Shao Qi, Wang Yihong, Xu Xuying, Wang Yaning, Pan Xiaochuan, Du Ying, Wang Rubin
Institute for Cognitive Neurodynamics, School of Mathematics, East China University of Science and Technology, 130 Meilong Road, Shanghai, 200237 China.
Center for Intelligent Computing, School of Mathematics, East China University of Science and Technology, 130 Meilong Road, Shanghai, 200237 China.
Cogn Neurodyn. 2025 Dec;19(1):99. doi: 10.1007/s11571-025-10282-6. Epub 2025 Jun 23.
Hippocampal place cells play a critical role in mammalian spatial navigation, episodic memory formation, and other relevant spatial cognitive functions. Experimental evidences suggest that when animals perform spatial navigation tasks in real or virtual environments, the number of place fields in the region adjacent to the target or reward location is significantly higher than in distal regions, a place cell representation phenomenon defined as "over-representation". The "over-representation" phenomenon shows dynamic changes in spatial representation: when the reward or target location moves, the location of maximum place field density shifts to the new reward position - a process termed "over-representation shift". Despite significant progress in understanding over-representation, current explanations predominantly focus on qualitative descriptions, lacking a comprehensive computational framework to systematically elucidate underlying neural mechanisms of over-representation. To address this question, we developed two distinct but related place cell sub-models based on the continuous attractor network framework: the Position-Integrated Model, which dynamically encodes spatial locations through place cell activity, and the Velocity-Driven Model, which incorporates speed cells to encode animal's movement speed. Both sub-models successfully achieved the path integration function observed in rodents. Building upon these foundational models, we implemented a reward-location-dependent dynamic gain mechanism to simulate goal-directed navigation in one-dimensional (1D) linear tracks and two-dimensional (2D) square environments. This mechanism dynamically modulates neural activity gains according to the Euclidean distance between reward locations and the animal's position. Our simulations revealed that place cells exhibit over-representation within 5-10 cm of reward zones, and the spatial distribution of place fields dynamically tracking reward location changes. This framework successfully reproduces over-representation and the dynamic shift of over-representation in place cells, revealing how reward locations shape spatial representations and trigger place field reorganization. These findings enhance our comprehension of hippocampal mechanisms in reward-based spatial navigation and establish a computational basis for studying experience-dependent neural remapping.
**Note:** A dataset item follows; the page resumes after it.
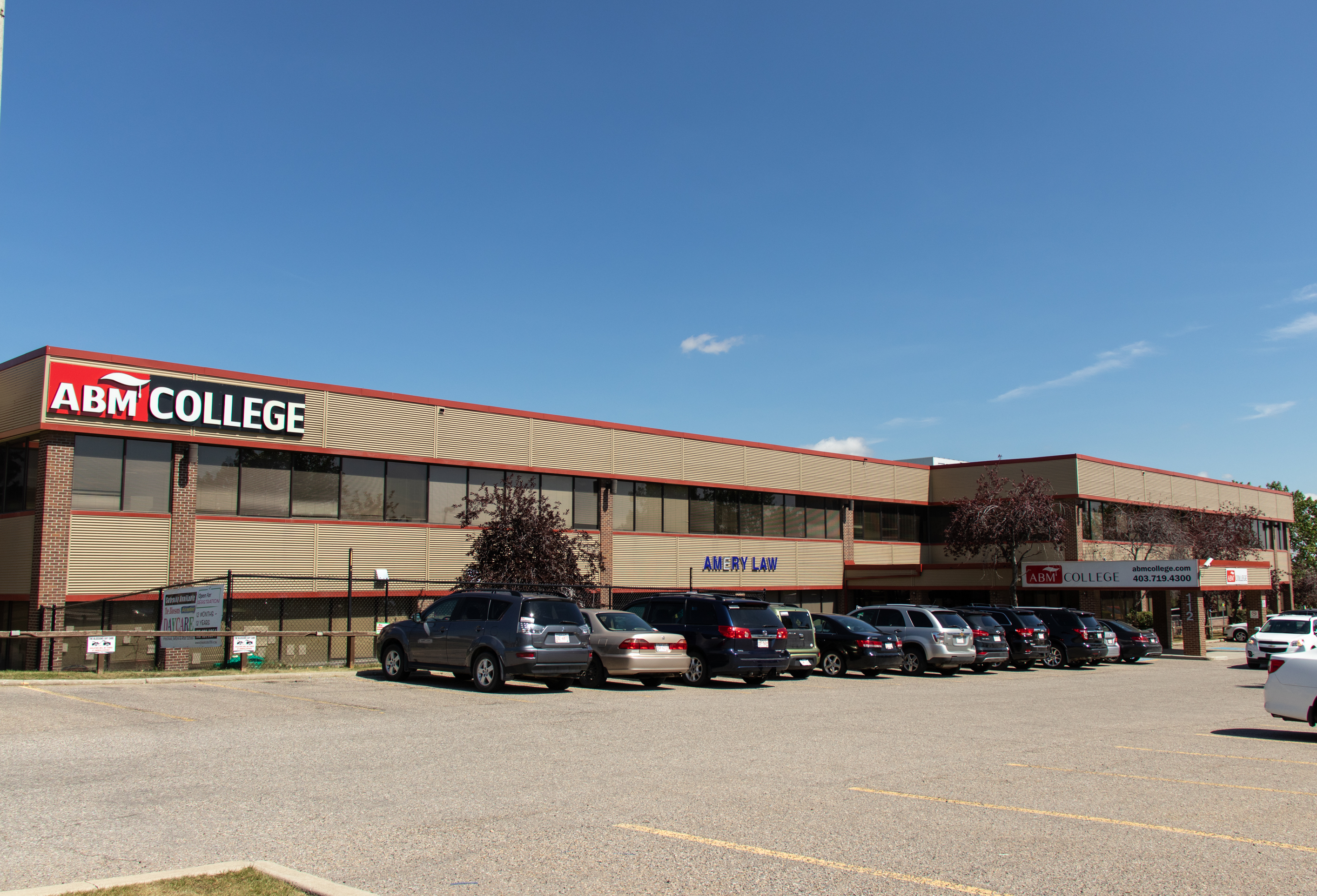 External shot of ABM College building from the parking lot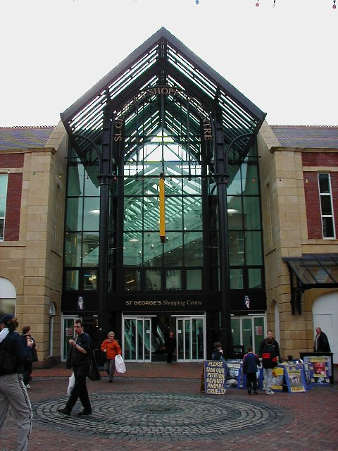 Pedestrian zone in Friargate outside St George's Shopping Centre, Preston, Lancashire, England, in 2002. Later renamed "The Mall", it is one of two main shopping centres in Preston.

海马体位置细胞在哺乳动物的空间导航、情景记忆形成及其他相关空间认知功能中发挥着关键作用。实验证据表明,当动物在真实或虚拟环境中执行空间导航任务时,目标或奖励位置附近区域的位置野数量显著高于远端区域,这种位置细胞表征现象被定义为“过度表征”。“过度表征”现象在空间表征中呈现动态变化:当奖励或目标位置移动时,最大位置野密度的位置会转移到新的奖励位置——这一过程被称为“过度表征转移”。尽管在理解过度表征方面取得了显著进展,但目前的解释主要集中在定性描述上,缺乏一个全面的计算框架来系统地阐明过度表征的潜在神经机制。为了解决这个问题,我们基于连续吸引子网络框架开发了两个不同但相关的位置细胞子模型:位置整合模型,它通过位置细胞活动动态编码空间位置;速度驱动模型,它结合速度细胞来编码动物的运动速度。这两个子模型都成功实现了在啮齿动物中观察到的路径整合功能。基于这些基础模型,我们实现了一种依赖奖励位置的动态增益机制,以模拟在一维(1D)线性轨道和二维(2D)方形环境中的目标导向导航。该机制根据奖励位置与动物位置之间的欧几里得距离动态调节神经活动增益。我们的模拟结果显示,位置细胞在奖励区域5 - 10厘米范围内表现出过度表征,并且位置野的空间分布动态跟踪奖励位置的变化。这个框架成功地再现了位置细胞中的过度表征及其动态转移,揭示了奖励位置如何塑造空间表征并触发位置野重组。这些发现增强了我们对基于奖励的空间导航中海马体机制的理解,并为研究依赖经验的神经重映射建立了计算基础。